Metadata-Version: 2.4
Name: limulus
Version: 0.2.0
Classifier: Development Status :: 3 - Alpha
Classifier: Intended Audience :: Developers
Classifier: Intended Audience :: Science/Research
Classifier: License :: Other/Proprietary License
Classifier: Programming Language :: Python
Classifier: Programming Language :: Python :: 3
Classifier: Programming Language :: Rust
Classifier: Topic :: Scientific/Engineering
Classifier: Topic :: Software Development :: Libraries :: Python Modules
Requires-Dist: lark>=1.1
Requires-Dist: pyarrow>=15.0.0
Requires-Dist: polars>=0.20
Requires-Dist: pandas>=2.2 ; extra == 'pandas'
Provides-Extra: pandas
Summary: DataStep for Your Workspace
Keywords: datastep,dataframe,arrow,polars
Author-email: Ken Nakamatsu <ken-nakamatsu@knworx.com>
License: PolyForm Noncommercial License 1.0.0
Requires-Python: >=3.10
Description-Content-Type: text/markdown; charset=UTF-8; variant=GFM
Project-URL: Documentation, https://k-nkmt.github.io/limulus/
Project-URL: Repository, https://github.com/k-nkmt/limulus

# limulus — Data Step for Your Workspace

[日本語](docs/README_ja.md)

---

![limulus](docs/_static/limulus.png)

**limulus** is a Python library for data processing using Data Step syntax.  
Its goal is to bring the simplicity and long-term stability of Data Step into Python workflows.

This is currently an alpha release. Please note that breaking changes to the API and other interfaces may occur before the beta release.

---

## Installation

```bash
pip install limulus
```

---

## Usage

### 1. Prepare Your Data

Load a DataFrame (Arrow / Polars / Pandas) from a CSV or other source.

```python
import pandas as pd
import limulus

health_df = pd.DataFrame({
	"name": ["Alice", "Bob", "Charlie", "David"],
	"age": [25, 30, 35, 40],
	"height": [65, 70, 68, 72],  # inches
	"weight": [140, 180, 130, 200]  # pounds
})

# Load data into a Session
session = limulus.Session()
session.loads({"health": health_df})
```

### 2. Run a Data Step

```python
session.submit("""
data result;
  set health;
  where age > 25;
  height_m = height * 0.0254;
  weight_kg = weight * 0.454;
  bmi = round(weight_kg / (height_m**2), 0.1);
  keep name age bmi;
run;
""")
```

Multiple Data Steps can be submitted at once. Datasets created by earlier steps can be referenced by subsequent steps.

### 3. Retrieve Results

The simplest way is to retrieve the result from the session as an Arrow table using subscript notation.  
You can convert it to pandas using Arrow's methods.

```python
df_out = session["result"].to_pandas()
print(df_out)
```
---


## Documentation

https://k-nkmt.github.io/limulus/

## License

[PolyForm Noncommercial License 1.0.0](LICENSE)

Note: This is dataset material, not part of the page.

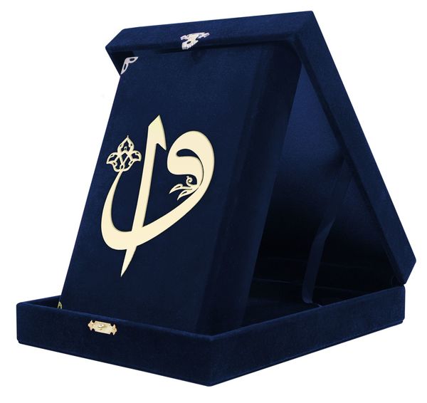 Qur'an Al-Kareem With Velvet Box (Bookrest Size, Alif - Waw Cover, Navy Blue)

This project is distributed under the PolyForm Noncommercial License.
Creative Commons licenses are not used because they are generally not recommended for software distribution.

The software may be used for personal, educational, academic, and noncommercial research purposes.
Commercial use is not permitted under the current license terms.

I may consider adopting a different licensing model in the future as the project evolves.

contact: info@knworx.com

---

## Notices

**Project Positioning**  
limulus is a modern data-step–inspired data transformation framework implemented independently in Python and Rust. It is not affiliated with or endorsed by SAS Institute Inc.

**Trademark Notice**  
SAS® is a registered trademark of SAS Institute Inc. All other trademarks are the property of their respective owners.

**Independence Statement**  
This is an independent implementation. No SAS source code or proprietary materials have been used.

**Compatibility Disclaimer**  
Compatibility with SAS software is not guaranteed and is not a project goal. Certain behaviors intentionally differ to provide modern semantics.